Ah, the holidays. It’s everyone’s favourite time of year. The festivities, the food, the family time. Pretty lights. Gift giving. Skating. Hot chocolate and warm fires and all the fresh baked goods you can eat.

Then comes January 1, and the guilt begins to set in. We ate our way through the holidays… and now we don’t feel so good about it. Sometimes we don’t feel so good in our bodies, about the choices that led us to feel that way about our bodies, and we wish we could take it all back. We forget about the joy we experienced sharing those meals with loved ones, the memories we made in the kitchen and around the dining room table. We forget that our bodies are meant to be lived in, not held to some impossible standard of perfection, that it’s perfectly normal for our weight to fluctuate from time to time and, with a few weeks of conscious decisions, we can change the way we feel in our bodies once again.

We are human – it is in our nature to forget. But that does not mean we have to fall into the same habits time and time again. We can remember and choose differently.

A simple rule

Diet culture thrives every January. We become obsessed with our bodies and everything we put in them. It’s a new year, we say. New year, new me. So, we try to change everything at once. We resolve to go to the gym three times per week, reduce our caloric intake and stop eating chocolate, or some combination of things equally ambitious. We start the month off great, doing all of the things we said we were going to do… and then life sets in. We miss a workout because we were sick. We have a rough week and succumb to the allure of the “forbidden” candy aisle. We feel like a failure for our lack of ability to follow through, and so more often than not, we decide to give up altogether. Oh well, we say to ourselves. I’ll try again next year.

SO often in life, we try to make things black and white that just aren’t so. When it comes to healthy eating, it isn’t so much an either-or as a yes-and. Healthy eating is a balance.

Eat those freshly baked, still-warm chocolate chip cookies, but have your vegetables too. A simple rule I love when it comes to healthy eating is this: 80% of your plate should be plants (read: vegetables, fruit, grains, legumes, beans, nuts and seeds) and the other 20% is your business. The plate is simply a micro example of what you are putting in your body overall. If you are eating good, wholesome food 80% of the time, it’s okay to have those small treats sprinkled into your life.

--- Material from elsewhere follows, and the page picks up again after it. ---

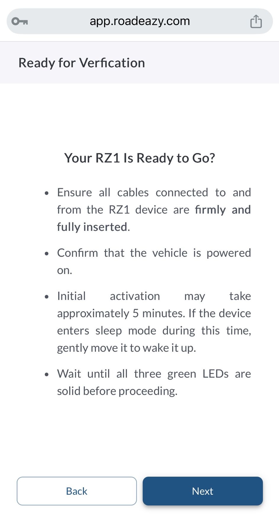 The RZ1 must be plugged into the vehicle, and the engine must be running. Please wait a few minutes before proceeding to the next step.

In fact, it can actually be healthy.

Why diets don’t work

The simple truth is that diets don’t work. Restricting yourself when it comes to food only causes you more pain in the long run. Often times, dieting causes this yo-yo effect in the body. When we restrict ourselves and feel hungry for long periods of time, our body thinks we are starving.

When we stop restricting, our bodies are built to store up to ensure we don’t starve when the next period of scarcity hits. Our weight goes up and we feel unhappy. We go back to a restrictive relationship with food in order to lose those extra pounds and get back to the way we looked before, only to that this time find it’s not so easy this time. This is because when you’ve been restrictive once, your set point weight goes up, effectively creating a new “normal” – it’s your body’s insurance policy at work, whether you like it or not.

For me, the most effective strategy has been to take the focus off how my body looks and instead, pay more attention to how my body feels.

Intuitive eating

Learning to listen to what your body needs is a valuable skill that will serve you well all your life. It’s a method called intuitive eating, a term first coined by Evelyn Tribole and Elyse Resch in 1995. The gist of it is this: listen to when you’re hungry and be mindful as you eat so you can stop when you are full. There is no food off limits – your body can tell you what you need at any given point in time.

People often fear that if no foods are off limits, they’ll just eat cake and pizza all day, err day. As nutritionist Pandora Paloma explains in this podcast, this is not the case. If you are truly listening to your body, you may eat junk for few weeks, but after a while, you’ll start to crave something a little more wholesome. Intuitive eating can be a path to repair our relationship to food and our bodies. The experience can become something nourishing rather than stressful, and positively impact our overall health.

So, as we head into this holiday season and the new decade that awaits on the other side, I challenge you to rethink your relationship with the plate. How can you be a little more loving towards yourself? How can you be a little more intentional with the way you eat?

Remember: your body is meant to be lived in. Now go enjoy.